The President’s action was not labeled as a formal proclamation, an Executive Order, or an official directive to the Archivist to certify the amendment, but simply as “a statement from” the President. Given that the Constitution itself assigns no role for the President in the amendment process, what authority was there for Biden to act at all? ERA supporters have been arguing for some time that, as President, he could simply tell the Archivist to complete the process, but he appears to have chosen not to take that step.
Within hours after the Biden statement was released, two liberal law professors – Laurence H. Tribe of Harvard and former Stanford law dean Kathleen M. Sullivan – published online an analysis. They treated the President’s statement as completing the process.
Tribe, who is known to have consulted with Biden from time to time, and Sullivan wrote: “After careful consideration and consultation with constitutional experts, President Biden concluded that the ERA had met all the requirements for inclusion in the Constitution.” Their statement laid out a series of somewhat complex legal and historical statements and arguments to support their conclusion.
They sought to counter the arguments most often made by opponents of ERA who claim that it is a constitutional dead letter: (1) the two time periods that Congress enacted for states to ratify ERA had long since run out, (2) the ratification vote by Virginia came too late, (3) the total of 38 ratifying states should not count five states that had withdrawn their approval, and (4) the Archivist had taken the right position in refusing to certify ERA as a formal amendment.
Tribe and Sullivan contended that time limits set by Congress are not binding, that Virginia validly voted to ratify, that the Constitution does not allow states to withdraw ratification, and that no action by the Archivist is necessary to complete the amendment process spelled out in the Constitution’s Article V.
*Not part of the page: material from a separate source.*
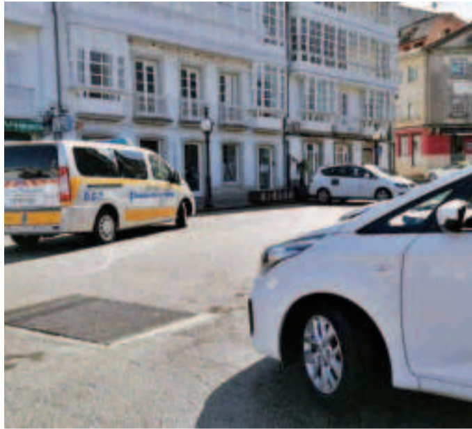
Trátase de actuacións de pavimentación e sinalización horizontal e vertical.

Further, they wrote that, once the 38th state had ratified, “nothing in Article V makes the Constitution’s binding contents depend on any further official action by any branch of the federal government, whether Congress or the Judiciary or indeed the Executive.”
The professors, however, did suggest that Biden’s action could be met by “multi-faceted litigation” over ERA’s status. That suggests that some creative lawyer will find a client willing to begin a new case to test the issue, perhaps focused on the meaning and impact of Biden’s statement.
Meanwhile, there appear to be some interest among ERA’s supporters to try to persuade Congress to start all over, proposing a new ERA. Given the close partisan divide in Congress, it seems unlikely that this idea can gain the necessary support of two-thirds majorities in both House and Senate. And there also seems a dim prospect that 38 state legislatures – three-fourths of the total – would ratify a new ERA.